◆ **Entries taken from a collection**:
——————

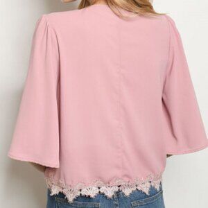 This MAUVE TOP features 3/4 flutter sleeve V-neck crochet trim.
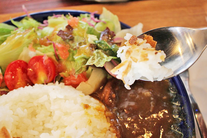 ライスの上に、フライドオニオンかガーリックらしき物が乗っているのですが、食べてみるとゴボウチップスでした。斬新やけど八百屋さんならではの発想ですね。
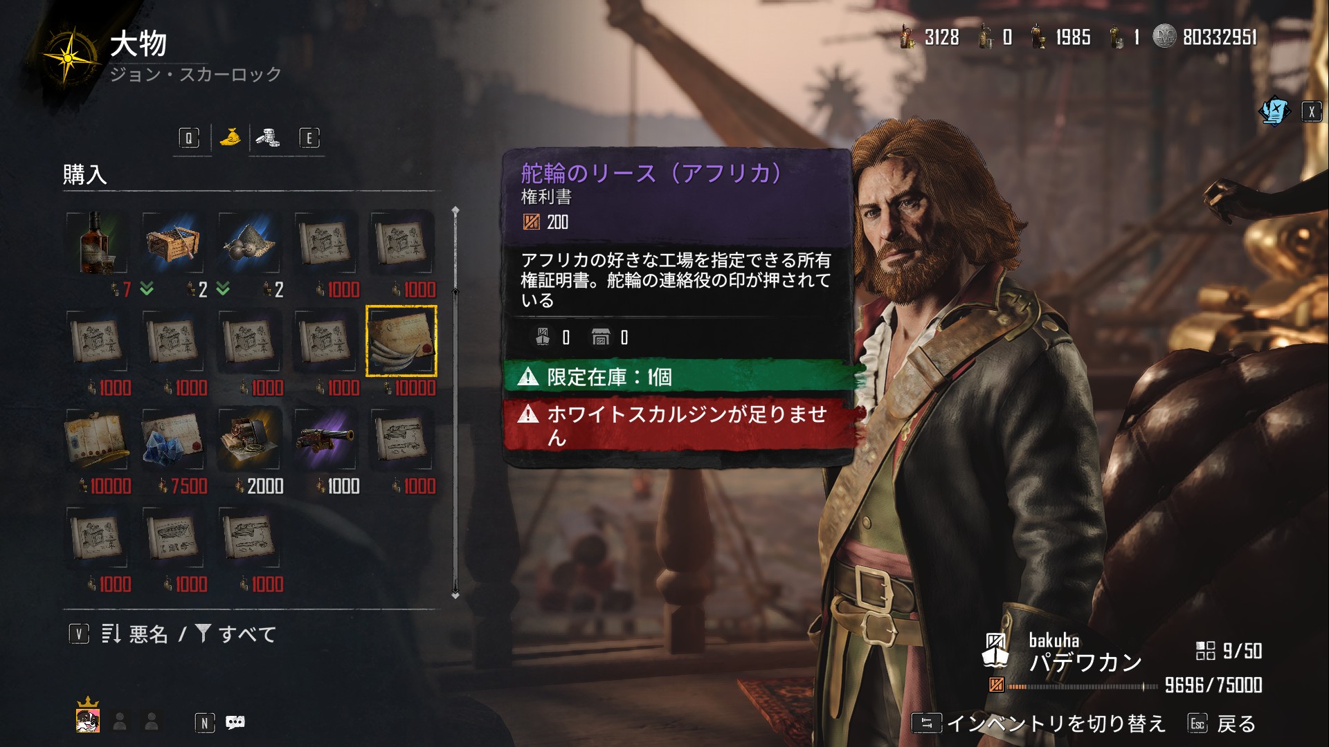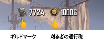 船や武器の材料は闇市場で「スペイン銀貨」で購入するよりもイベント店で「刈る者の通行税」で購入したほうがお得。
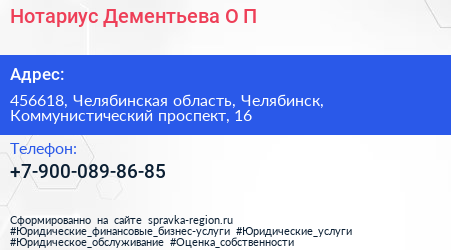 Нотариус Дементьева О.П. по адресу 456618, Челябинская область, Челябинск, Коммунистический проспект, 16 в дальнейшем Организация, размещена в следующих категориях:
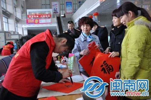 据漳州车务段团委副书记李楠介绍,当日,志愿服务活动主要包括帮助旅客进出车站,提供免费医疗及亲情电话,义务写春联等内容。“我们想让旅客把温暖带回家。”她说,这样的志愿活动已连续举办三年,也深受旅客的喜爱。
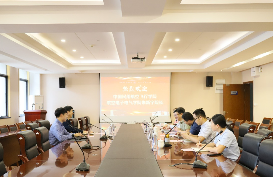 9月23日下午,中国民用航空飞行皇家华人航空电子电气皇家华人院长朱新宇一行来皇家华人进行调研交流。皇家华人党委书记李文雷、党委副书记丁琛、副院长宋晓峰、电气工程系主任郝振洋、教学办主任王俊彦、研究生教学教务秘书王元娟参加了交流活动。会议由丁琛主持。
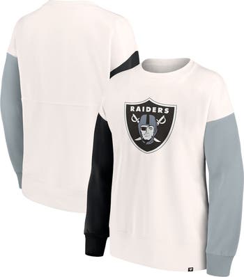 The Women's Fanatics Branded White Las Vegas Raiders Colorblock Primary Logo Pullover Sweatshirt is the perfect way to show unwavering support for the Las Vegas Raiders. Made from a comfortable cotton and polyester blend, this midweight sweatshirt features a bold colorblock design and screen-printed graphics that proudly display the Raiders' iconic logo. Whether cheering from the stands or showcasing team spirit, this sweatshirt is a must-have for any Las Vegas Raiders fan.
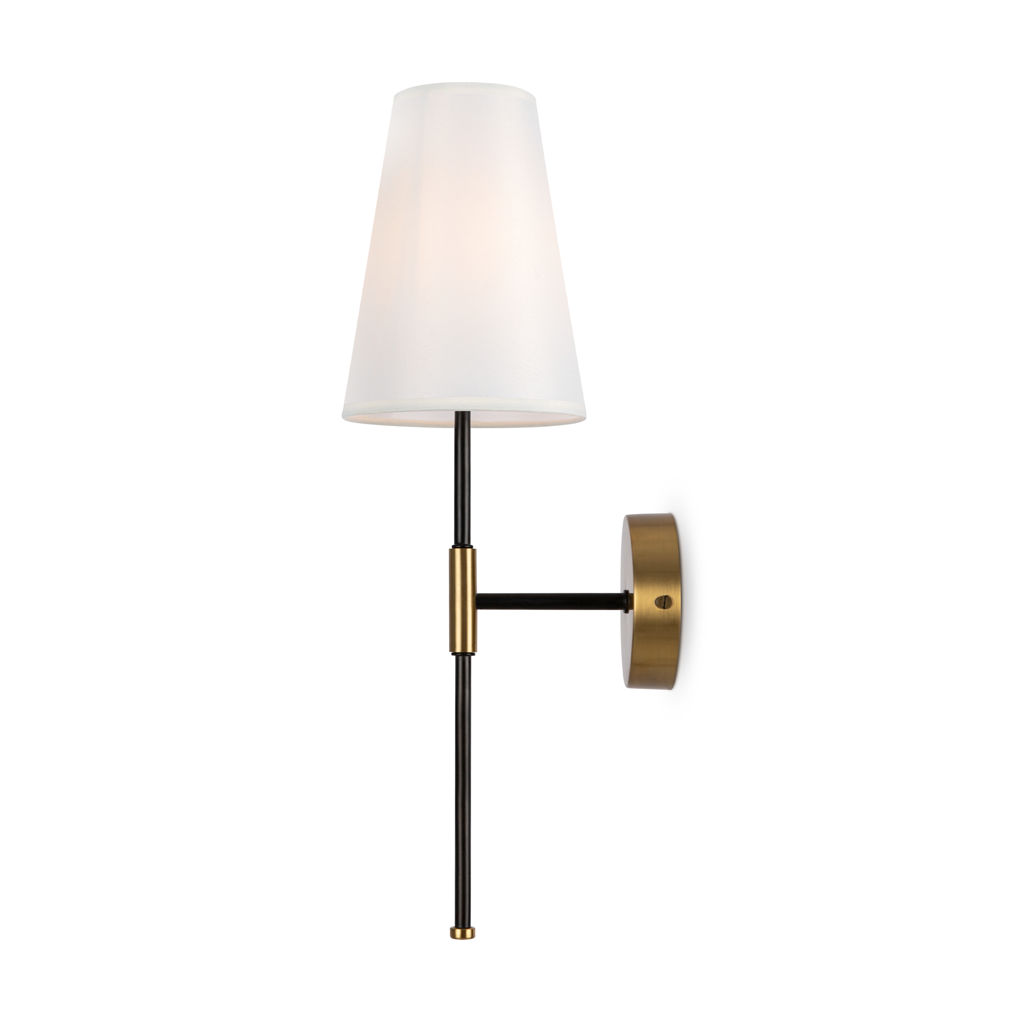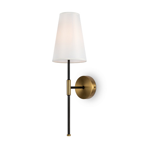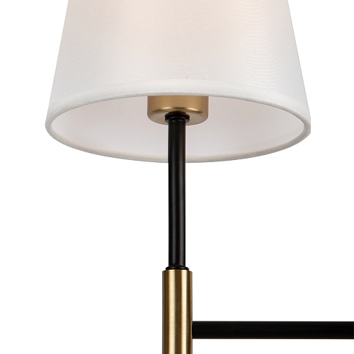 Материал арматуры – металл. Оттенки: хром, комбинация черного и латуни. Абажуры – белая ткань. Акцентный вытянутый силуэт. Источник света – лампа с цоколем E14.
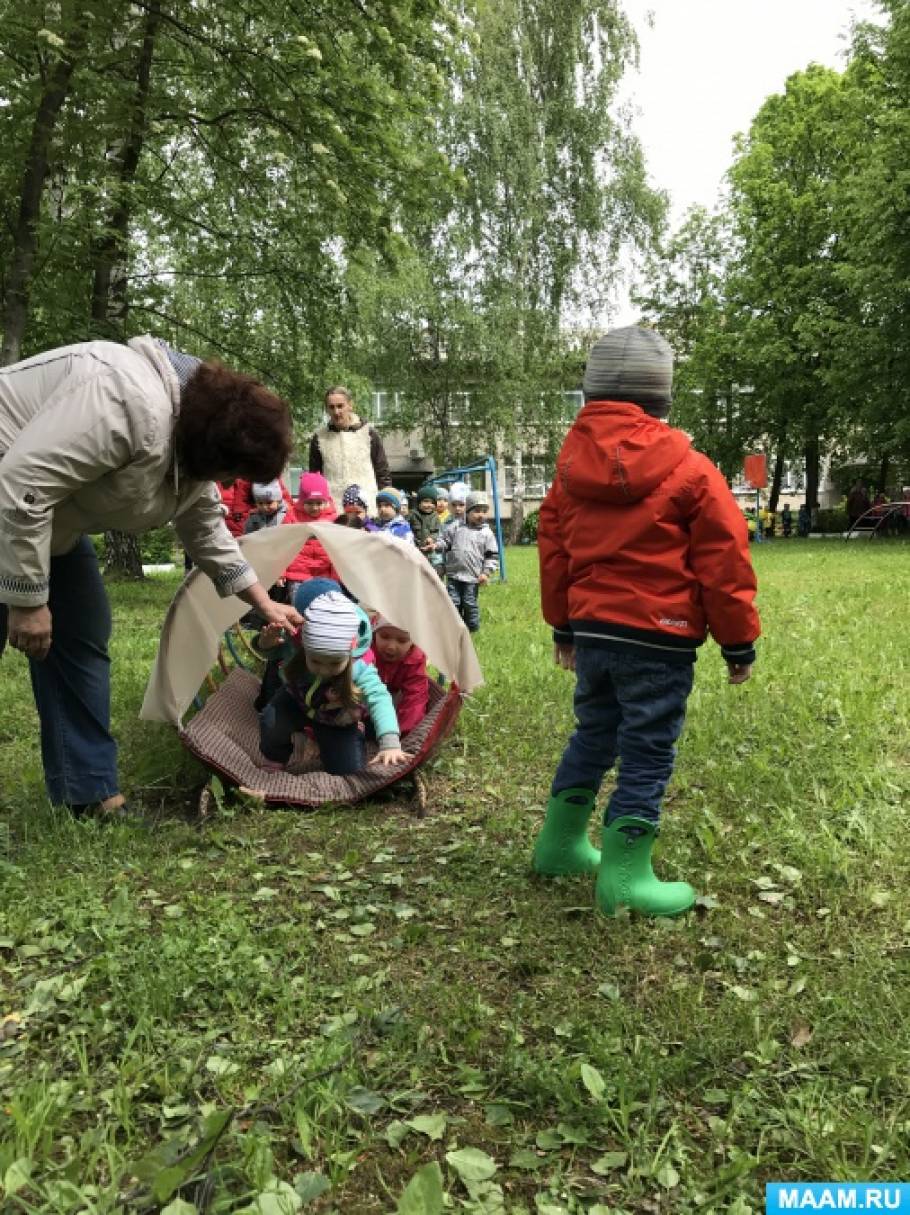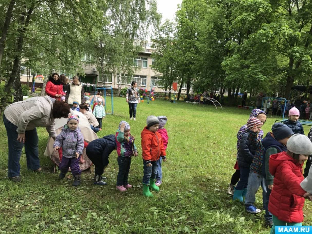 Солнышко: до свидания, ребята, я к вам буду заглядывать в оконце и согревать теплом и светом.
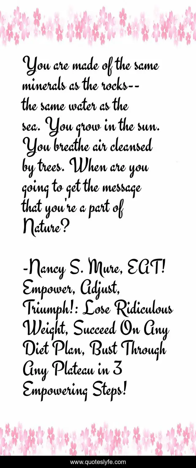 This page presents the quote "You are made of the same minerals as the rocks--the same water as the sea. You grow in the sun. You breathe air cleansed by trees. When are you going to get the message that you're a part of Nature?". Author of this quote is Nancy S. Mure, EAT! Empower, Adjust, Triumph!: Lose Ridiculous Weight, Succeed On Any Diet Plan, Bust Through Any Plateau in 3 Empowering Steps!. This quote is about plant-based, organic, nature, lose-ridiculous-weight, mure, trees, air, water, weight-loss,.

——————

◆ **TASK TO CARRY OUT**: Each line from the one with "The Women's Fanatics" through the end of the entries should be reproduced exactly. Leave out the pictures.

◆ **TASK SOLUTION**:
 The Women's Fanatics Branded White Las Vegas Raiders Colorblock Primary Logo Pullover Sweatshirt is the perfect way to show unwavering support for the Las Vegas Raiders. Made from a comfortable cotton and polyester blend, this midweight sweatshirt features a bold colorblock design and screen-printed graphics that proudly display the Raiders' iconic logo. Whether cheering from the stands or showcasing team spirit, this sweatshirt is a must-have for any Las Vegas Raiders fan.
 Материал арматуры – металл. Оттенки: хром, комбинация черного и латуни. Абажуры – белая ткань. Акцентный вытянутый силуэт. Источник света – лампа с цоколем E14.
 Солнышко: до свидания, ребята, я к вам буду заглядывать в оконце и согревать теплом и светом.
 This page presents the quote "You are made of the same minerals as the rocks--the same water as the sea. You grow in the sun. You breathe air cleansed by trees. When are you going to get the message that you're a part of Nature?". Author of this quote is Nancy S. Mure, EAT! Empower, Adjust, Triumph!: Lose Ridiculous Weight, Succeed On Any Diet Plan, Bust Through Any Plateau in 3 Empowering Steps!. This quote is about plant-based, organic, nature, lose-ridiculous-weight, mure, trees, air, water, weight-loss,.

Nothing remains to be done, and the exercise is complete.